# Changing the seals in a Wega...



## BaristaEast (Jan 23, 2016)

Ok, son't shoot me, but ordinarily I call upon a friend to change the seals for me, but they need replacing and I'm determined to do it myself this time!

The new seals are en route from Happy Donkey, but I just wondered whether anyone had changed seal on a Wega?

I've You Tubed a few vids, but I've not found anything too specific regarding a Wega.

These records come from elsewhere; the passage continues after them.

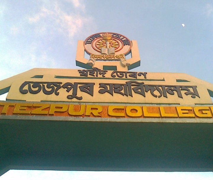 Entrance of Tezpur College.
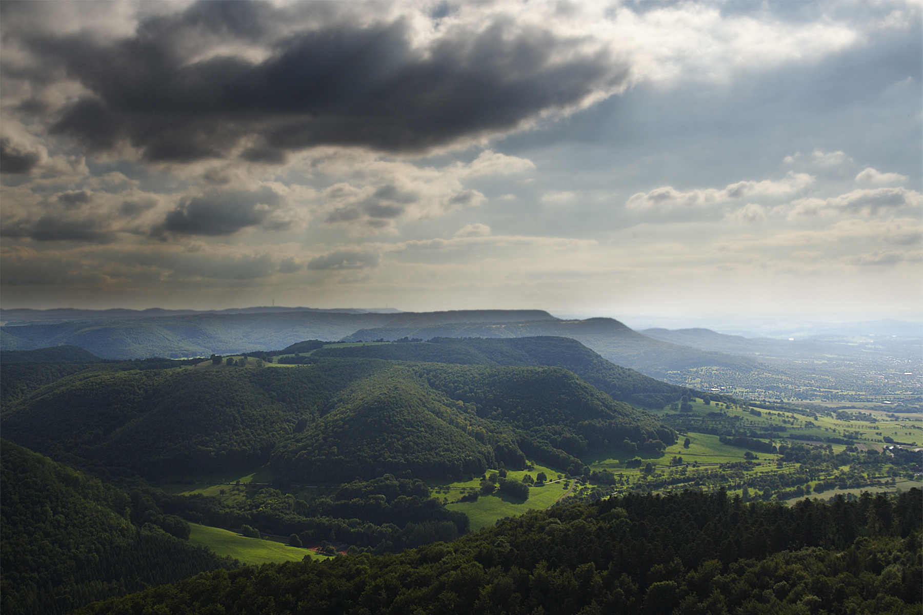 The cuesta of the Swabian Alb (“Albtrauf”), looking westwards, seen from a height of ca. 900 m. The terrain is heavily wooded (beeches). There are only a few green spots on the plateau, meadows, sometimes former acres. Streams and precipitation heavily intersected the cuesta in millions of years in spillways and valleys, forming countless rivulets that finally merge the Neckar. The smoother bottom of the slopes in front of the cuesta are now extensive meadow orchards. With cleaner air, the massif of the Black Forest could be seen in the far back.
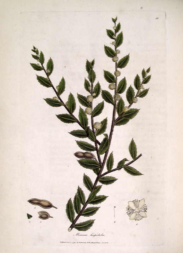 This is an image of a print of a hand coloured engraving by James Sowerby (1757-1822), based on drawing nominally by John White but probably by the convict artist Thomas Watling. It appeared as Tab. XVI in James Edward Smith's 1793 A Specimen of the Botany of New Holland. The plant depicted was then known as Mimosa hispidula, but is now known as Acacia hispidula. The accompanying text explains the figure thus: 1. Back of a magnified flower. 2. A stamen. 3,3, Two pods, copied from a drawing down at Port Jackson. 4. A stipula magnified.
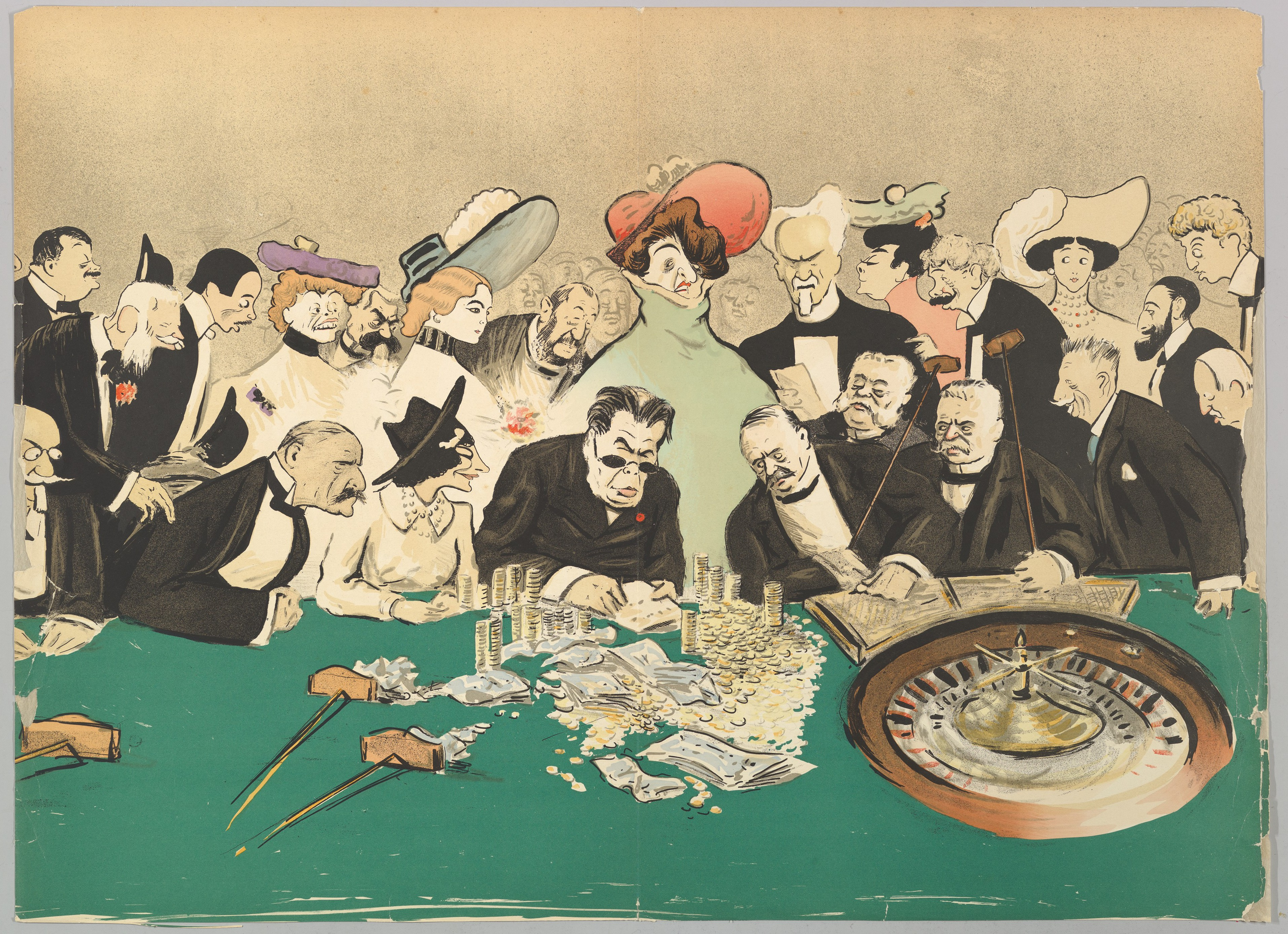 Print; Prints
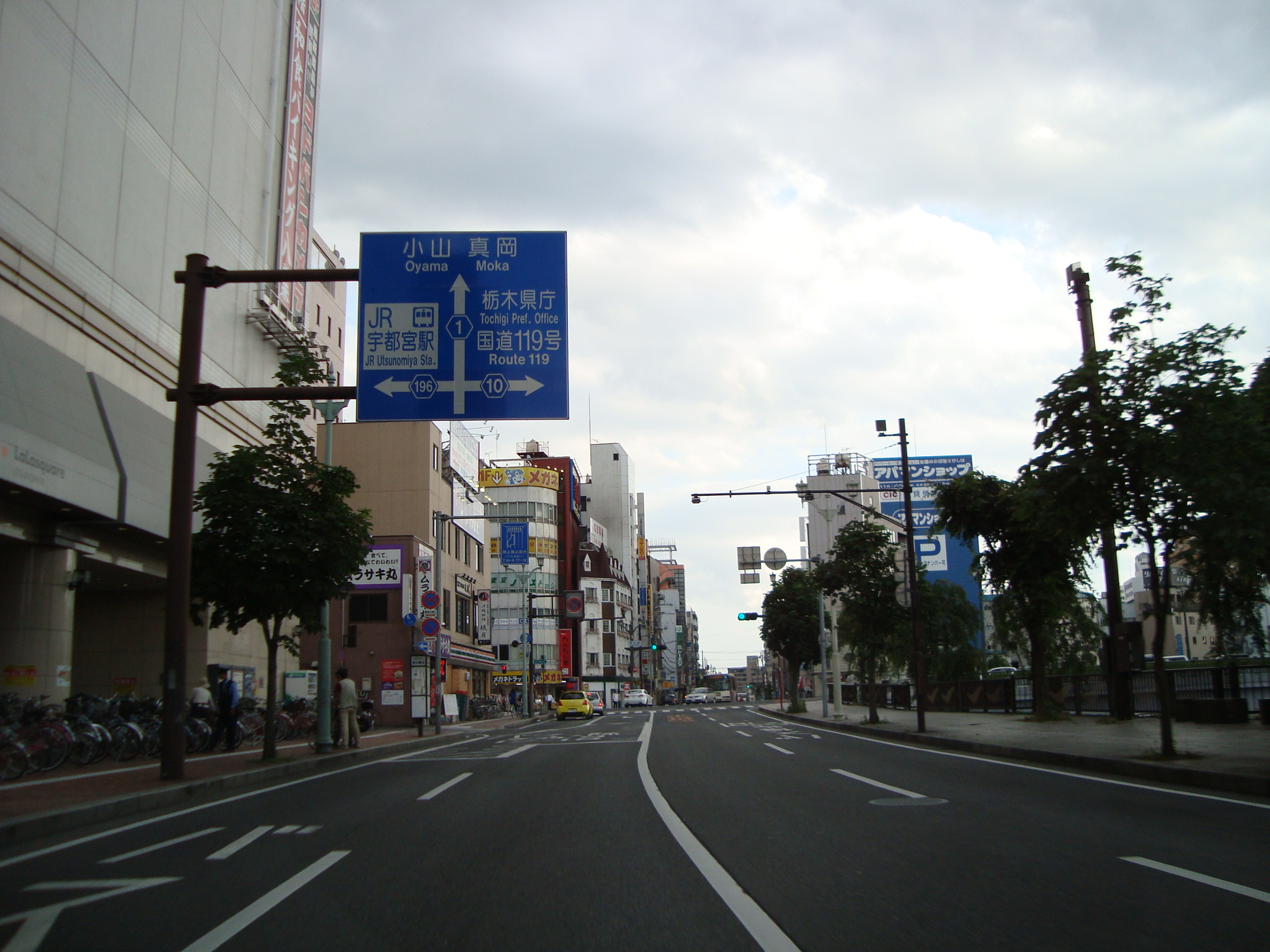 The Tochigi Prefectural Road Route 10 in Ekimaedori 1-chome, Utsunomiya City
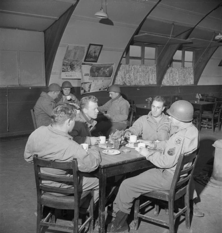 Naafi Canteens Cater For US Troops- the work of the Navy, Army and Air Force Institutes, England, UK, 1943 Enjoying tea, cakes and a chat at a NAAFI somewhere in England are T/S John Wojciechowski (of 11 Vernon Street, Patchogue, New York), Private William Lewis (of 1530 North Carlyle Street, Tyler, Texas), Private Charles Esposito (of 422 Sheridan Street, Johnstown, Pennsylvania) and Corporal Jake Groner (of Box 2625 17th Street, North Sacramento, California). Corporal Groner is smoking a cigar.

We (obviously) remove the shower screens daily and Puly Caff them, as well as giving the group head a bloody good scrub etc. but I'm worried I'll damage my workhorse if I do the seals wrong!!


----------



## GCGlasgow (Jul 27, 2014)

@TomBurtonArt restored a wega so he might be able to help.


----------



## jeebsy (May 5, 2013)

The group seals?


----------



## TomBurtonArt (Jan 18, 2015)

Hey, depends on the model & seals you are referring to, my shower screen on the mininova is held in place with the group head seal so needs to be pried out with a seal removal tool or screwdriver.

If you're referring to the E61 mushroom seals then you just unscrew and pry out the old seal ensuring you have a clean surface just reseat the new seal and screw in the mushroom.


----------



## BaristaEast (Jan 23, 2016)

Oh my life. That sounds more complicated than I thought

I think I may need to prise them out then...sounds dangerous!


----------



## BaristaEast (Jan 23, 2016)

It's the Wega Alto 2 group


----------



## BaristaEast (Jan 23, 2016)

I did it! Oh my, she was desperate for new seals...

The right one was so difficult to get out, we had to pretty much chisel it out...!

The left was much easier.

new seals are in, and I'm feeling rather stupid I'd not done it myself before!


----------



## espressotechno (Apr 11, 2011)

Group seals on commercial machines usually need renewing every 9-12 months. Save some faffle by fitting new shower plates / cups at the same time.


----------



## BaristaEast (Jan 23, 2016)

These ones had only been in 6 months, so I'm going to replace again in 3 months (ish).

the shower screens are spotless (but we Puly Caff then every day at close)...


----------